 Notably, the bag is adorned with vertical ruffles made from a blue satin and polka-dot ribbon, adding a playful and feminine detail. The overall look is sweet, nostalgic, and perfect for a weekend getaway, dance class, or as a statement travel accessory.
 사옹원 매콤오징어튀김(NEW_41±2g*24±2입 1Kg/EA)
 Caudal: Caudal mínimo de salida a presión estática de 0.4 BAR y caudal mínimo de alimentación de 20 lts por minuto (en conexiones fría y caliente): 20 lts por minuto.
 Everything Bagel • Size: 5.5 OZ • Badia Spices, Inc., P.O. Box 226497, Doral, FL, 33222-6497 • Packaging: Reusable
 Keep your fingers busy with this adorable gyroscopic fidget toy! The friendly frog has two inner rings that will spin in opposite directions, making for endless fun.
==
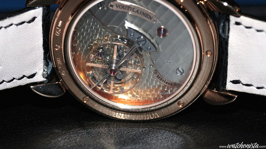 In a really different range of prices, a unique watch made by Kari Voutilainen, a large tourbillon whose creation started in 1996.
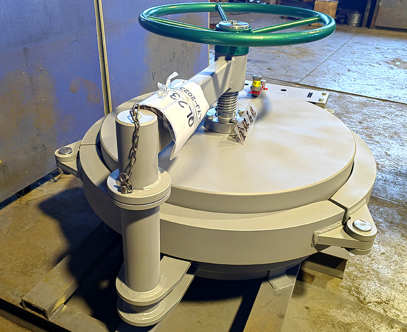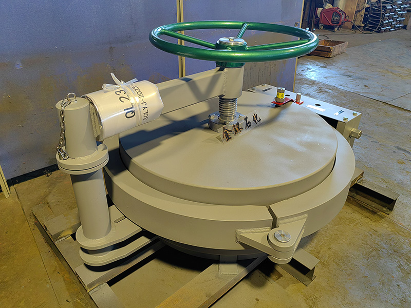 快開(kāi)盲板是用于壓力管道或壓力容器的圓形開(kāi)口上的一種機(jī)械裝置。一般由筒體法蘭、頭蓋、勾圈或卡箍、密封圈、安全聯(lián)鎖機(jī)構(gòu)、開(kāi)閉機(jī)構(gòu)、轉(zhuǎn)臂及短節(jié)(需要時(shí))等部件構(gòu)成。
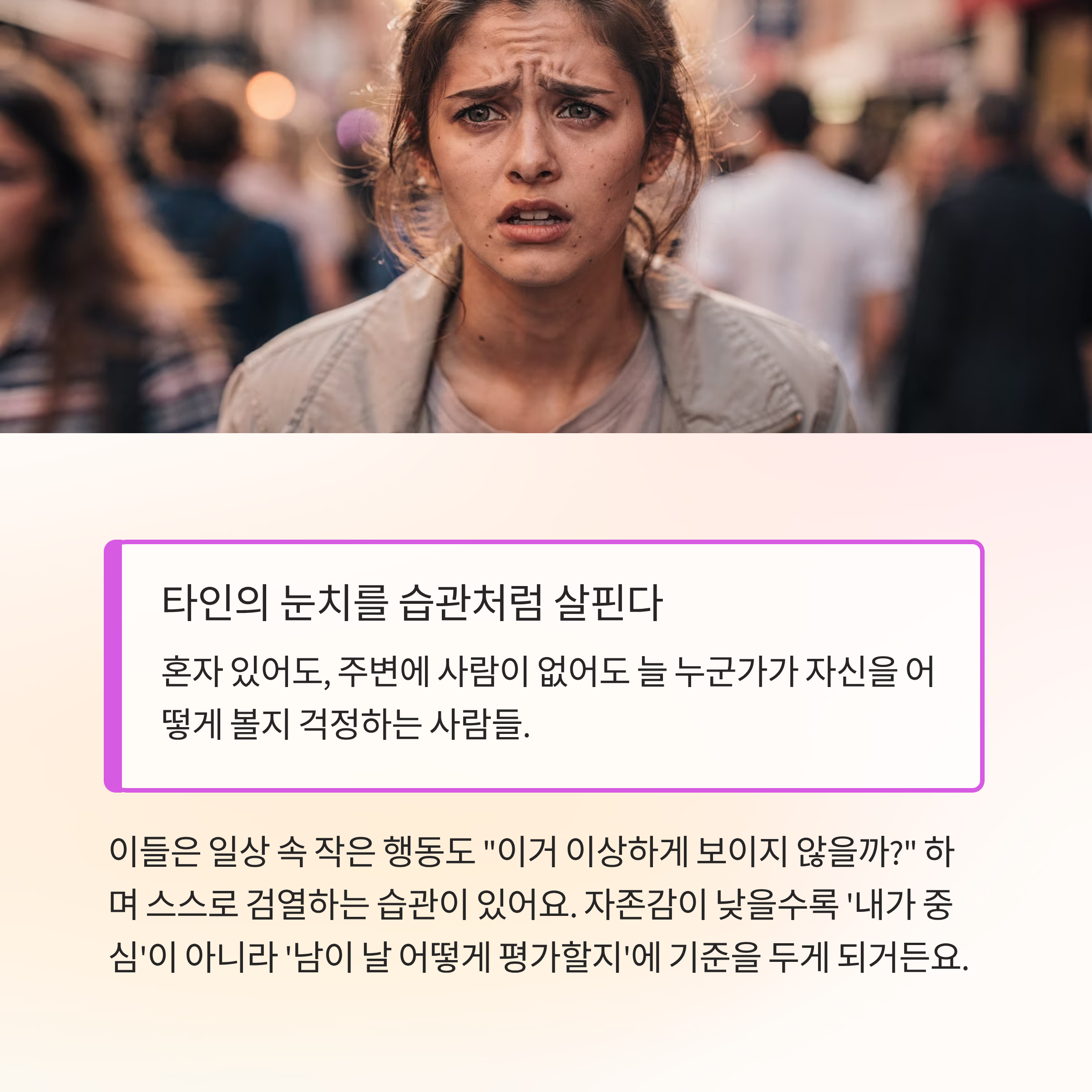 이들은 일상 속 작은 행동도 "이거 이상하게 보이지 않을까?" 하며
==
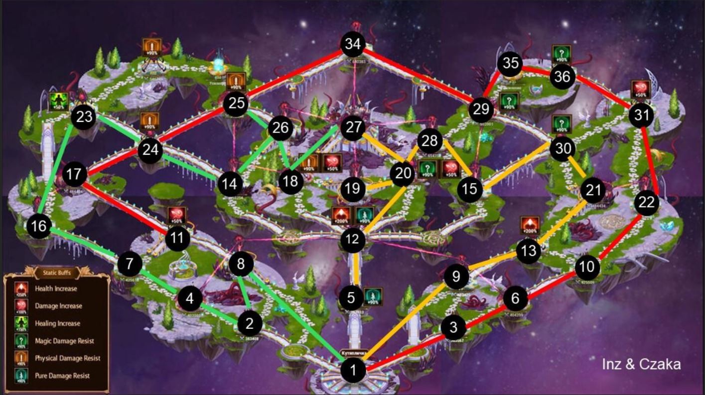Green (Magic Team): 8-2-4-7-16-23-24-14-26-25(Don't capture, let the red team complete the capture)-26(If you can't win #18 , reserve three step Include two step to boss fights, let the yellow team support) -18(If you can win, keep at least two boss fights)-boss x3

What to work on:
Lines from the one above containing "In a really" down to the one containing "이들은 일상 속 작은" should be transcribed exactly, with both ends kept and no pictures.

Finished exercise:
 In a really different range of prices, a unique watch made by Kari Voutilainen, a large tourbillon whose creation started in 1996.
 快開(kāi)盲板是用于壓力管道或壓力容器的圓形開(kāi)口上的一種機(jī)械裝置。一般由筒體法蘭、頭蓋、勾圈或卡箍、密封圈、安全聯(lián)鎖機(jī)構(gòu)、開(kāi)閉機(jī)構(gòu)、轉(zhuǎn)臂及短節(jié)(需要時(shí))等部件構(gòu)成。
 이들은 일상 속 작은 행동도 "이거 이상하게 보이지 않을까?" 하며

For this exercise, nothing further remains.